** Opening DATA SHOWN block **
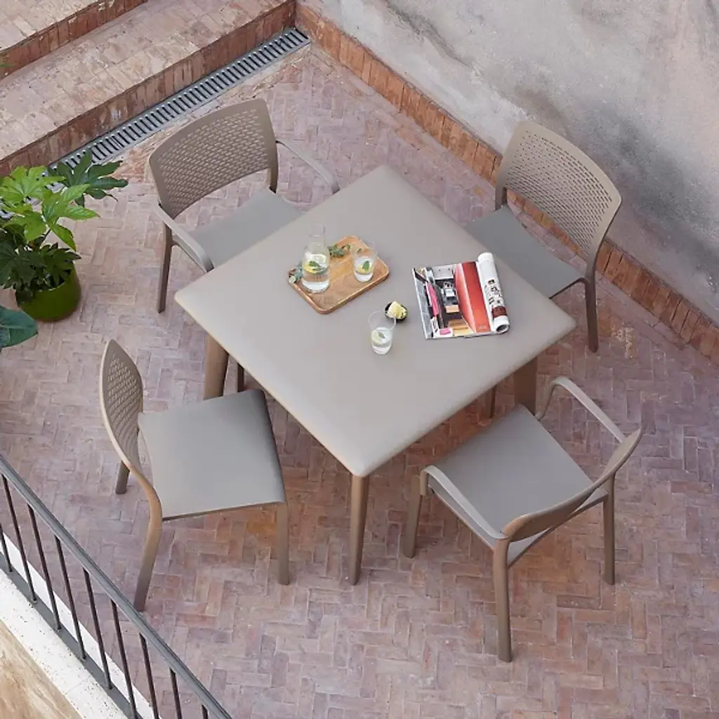 Make a charming addition to your dining room furniture with the New Dessa Square Table by Resol. Designed with a sleek, modern style, this table's compact design also makes it a fantastic solution for spaces of all sizes. Made of robust polypropylene, this versatile table is not just suitable for indoor use but can also seamlessly blend into your garden, terrace, or balcony. Its functional, stylish and minimalist design not only complements different home furnishings but also caters to your contemporary tastebuds. Let the New Dessa Table by Resol jazz up your meals and gatherings, indoors and out.
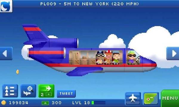 《Pocket Planes》是NimbleBit于本周新推出的航空题材经营游戏。这款游戏的风格和NimbleBit此前推出的《Tiny Tower》十分相近,均采用像素风格的画面,无论是像素风格的飞机、机长还是旅客,都给人一种复古的感觉。
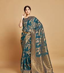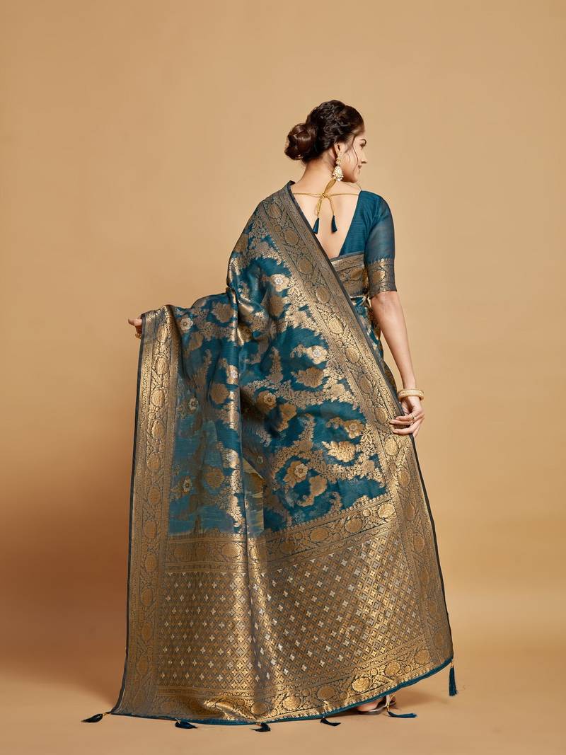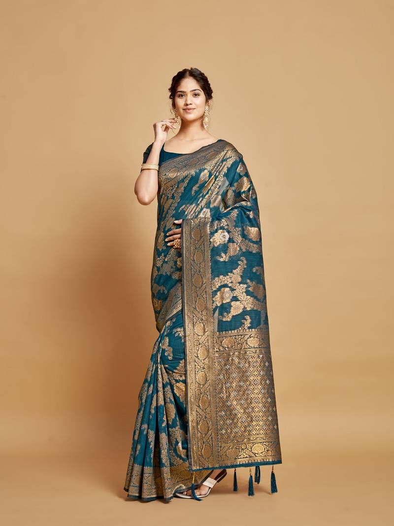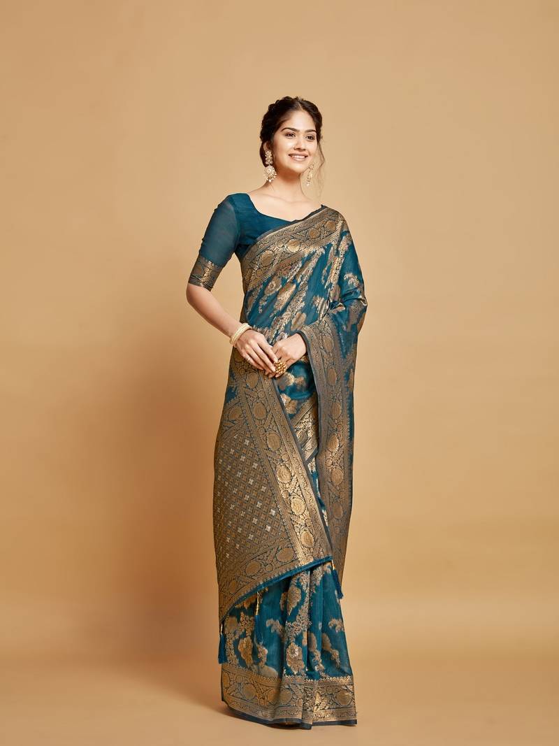 Teal jari weaving linen saree with un stitched blouse
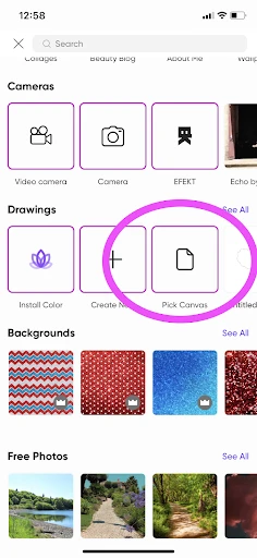 1. Follow the same steps given above to get your virtual canvas prepped on the Picsart app.
** Closing DATA SHOWN block **
→ **WHAT THE TASK REQUIRES**:
The material above holds pictures; copy everything else in it exactly.

→ **WRITTEN ANSWER**:
 Make a charming addition to your dining room furniture with the New Dessa Square Table by Resol. Designed with a sleek, modern style, this table's compact design also makes it a fantastic solution for spaces of all sizes. Made of robust polypropylene, this versatile table is not just suitable for indoor use but can also seamlessly blend into your garden, terrace, or balcony. Its functional, stylish and minimalist design not only complements different home furnishings but also caters to your contemporary tastebuds. Let the New Dessa Table by Resol jazz up your meals and gatherings, indoors and out.
 《Pocket Planes》是NimbleBit于本周新推出的航空题材经营游戏。这款游戏的风格和NimbleBit此前推出的《Tiny Tower》十分相近,均采用像素风格的画面,无论是像素风格的飞机、机长还是旅客,都给人一种复古的感觉。
 Teal jari weaving linen saree with un stitched blouse
 1. Follow the same steps given above to get your virtual canvas prepped on the Picsart app.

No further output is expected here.